Today, particularly in relation to AI-assisted decision making, the most prevalent explanation of over-reliance is in terms of an attitude of trust towards automated systems [10, 11, 12]. Accordingly, to understand and mitigate over-reliance, HCI studies have controlled various factors that usually contribute to reciprocal intrapersonal trust, such as self-confidence [e.g. 13] for what concerns humans, and interpretability [e.g. 14, 15, 16] and performance of the model [e.g. 17] as far as the system itself is concerned.
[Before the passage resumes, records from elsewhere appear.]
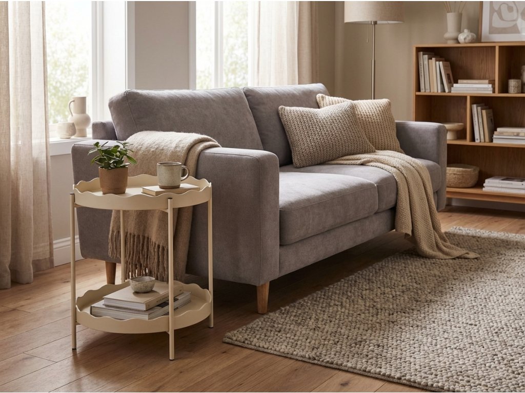 Pomožna mizica RAVELO navduši s svojo preprosto kovinsko izdelavo in izrazitim valovitim robom na obeh odlagalnih površinah. Zaradi premera 40,5 cm in dvonadstropne rešitve nudi dovolj prostora za odlaganje, ne da bi zasedala veliko prostora. Primerna je ob kavču, v spalnici ali predsobi. Njena nežna barva in čist dizajn omogočata preprosto kombiniranje z naravnimi materiali, pastelnih tonov ter skandinavskim ali modernim stilom.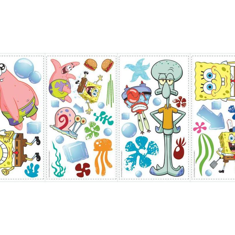 | He may normally live in a pineapple under the sea, but now Spongebob Squarepants and his friends can live on your walls, too! This set of fun and colorful wall decals includes Spongebob, Patrick, Mr. Krabs, Squidward, Plankton, and even Gary. We've also thrown in some bubbles, sea grass, and other fun designs that will help you complete a full scene on your wall. 30 decals total |
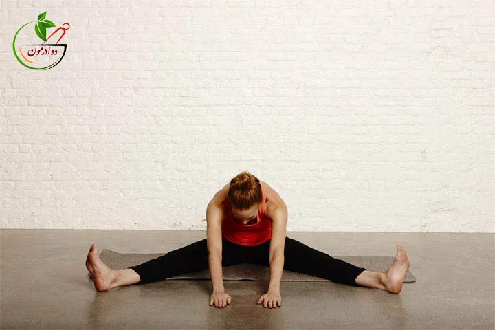 دستورالعمل: روی زمین بنشینید و پاهایتان را دراز کنید. ستون فقرات صاف و نوک انگشتان پا به سمت بالا باشد. حالا کف دستانتان را در روی زمین بگذارید و پاهایتان را ۱۰ تا ۲۰ درجه باز کنید و در حالیکه زانوهایتان با زمین در تماس است و کاسهی زانو رو به بالاست، دستانتان را میان ۱۰ یا ۲۰ درجهای که پاها را باز کردهاید، به جلو حرکت بدهید. حین انجام این حرکت دستانتان را خم نکنید. تأکید این حالت، کمک گرفتن از مفاصل باسن برای حرکت بالاتنه به جلو و حفظ طول بالاتنهی جلویی در یک خط فرضی صاف است. به محض اینکه احساس کردید از ناحیهی کمر خم شدهاید، دست نگه دارید و طول بالاتنهی جلویی را از قسمت استخوان شرمگاهی تا ناف، دوباره در یک خط فرضیِ صاف تنظیم کنید. روی تنفس عمیق تمرکز کنید، نه این که تا چه حد میتوانید خودتان را در این وضعیت به سطح زمین نزدیک کنید. ۱ تا ۳ دقیقه در این وضعیت بمانید و بهآرامی و همراه با تنفس به وضعیت اول بازگردید.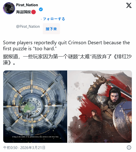 珍珠游戏于2026年3月20日推出的全新作品红色沙漠,近日在海外玩家群体中引发广泛讨论。部分玩家反馈,游戏开场不久即遭遇首个谜题,因解谜逻辑隐晦、操作指引模糊,导致大量玩家尚未深入体验便选择中止游玩。该现象迅速成为社区热议焦点。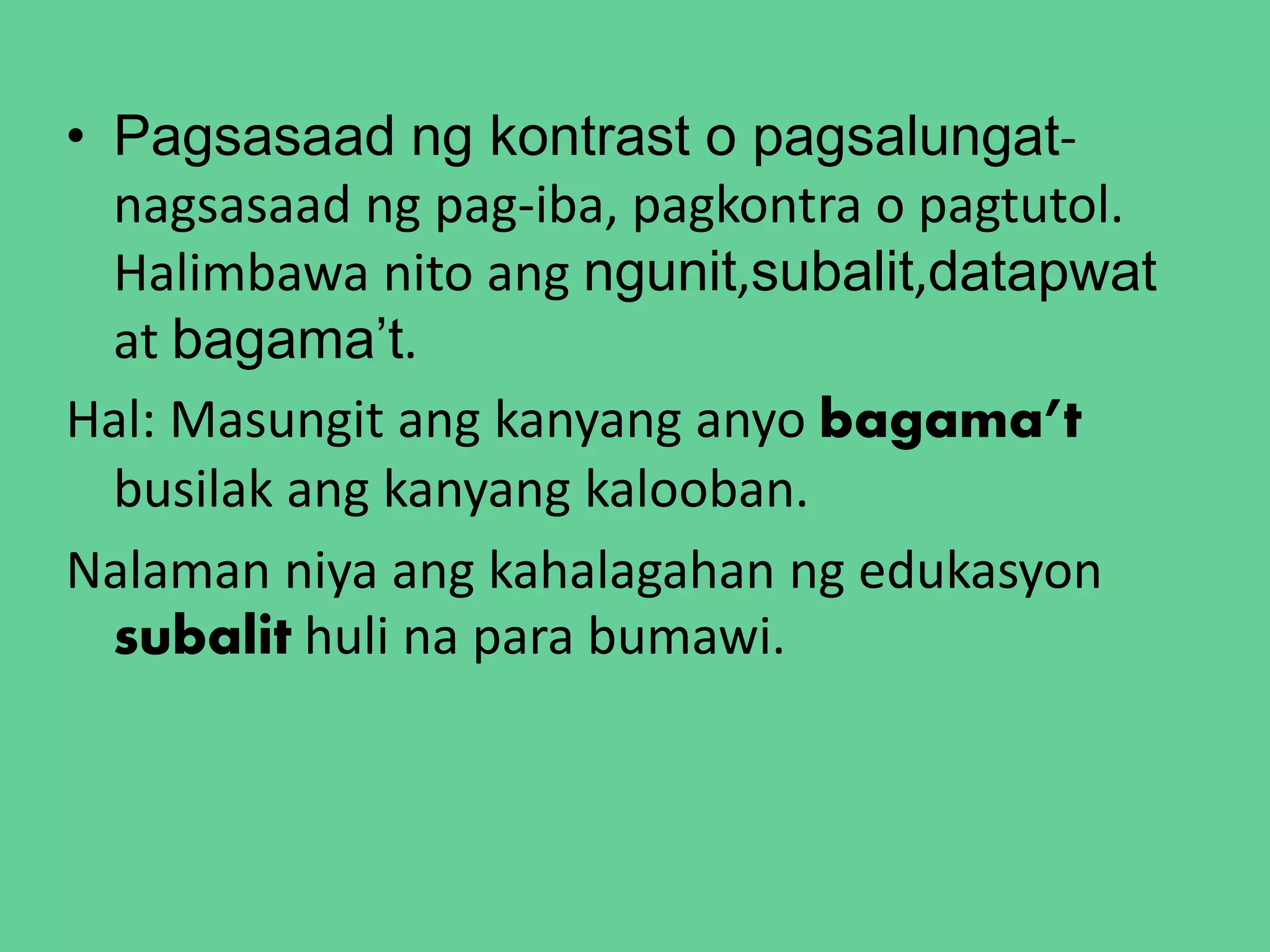Contrast Words in Tagalog — Pangatnig na Painsay (subalit, ngunit ...

Within this approach, a widely accepted normative framework for AI-assisted decision making regards the appropriate level of reliance that should correspond to the AI performance. If the AI system is accurate, say, 80% of time, then the human expert should rely on its suggestion in around 80% of cases. The intuition is that if the reliance level is right, we can expect more accurate predictions from an AI-assisted human user, than from only the user or only the machine.

This approach has however its own limitations. First, the overall calibrated reliance may not be suficient to guarantee better outcomes. Complementary performance in AI assisted decision making may be achieved only if human experts not only rely suficiently and in a limited way on the AI suggestions but also understand when exactly to accept the suggestion. To achieve this the users need to correctly evaluate their own expertise and the expertise of the AI. This limitation has been recently acknowledged and is widely discussed in current studies. Guo et al. [18] for instance, formalised a decision framework that distinguishes between performance loss caused by mis-reliance (over-reliance or under-reliance), and that caused by erroneous evaluation of accuracy of the human or the AI in prediction for each particular case.

As of today, to achieve complementarity in performance some researches in the HCI community propose to use the personalized interaction with AI-assistance. The general idea is to vary access to AI suggestion, interface or interaction pattern based on the user’s past interactions with the system. The personalisation may be a function of either past reliance [19, 20] or the accuracy of the system and of the user for similar tasks [21]. These approaches require building a dedicated supplementary machine learning model that predicts the user behaviour, a solution previously explored also in the context of fair machine learning [22].

Another line of research on complementarity in decisions leave to the human user the evaluation of the expertise of the AI and that of possible errors in a particular case. This evaluation is commonly incorporated as a step in the interaction with the decision aid and is requested as a confidence of the user in the decision. The overall idea is that making the user aware of their self-confidence before and after seeing the AI suggestion may lead to a more calibrated reliance in cases where the model is not accurate, and the user is confident in their own decisions. However, the results of experimental studies showed that although confidence decreases when the user experiences unreliable system and when the prediction is expressed as a less certain1, the reliance on the proposed suggestion remains the same [23, 24, 13, 25]. Moreover, Li et al. [26] demonstrated that case-by-case confidence in the decision and reported self-confidence is altogether aligned with the confidence of the AI model for that decision.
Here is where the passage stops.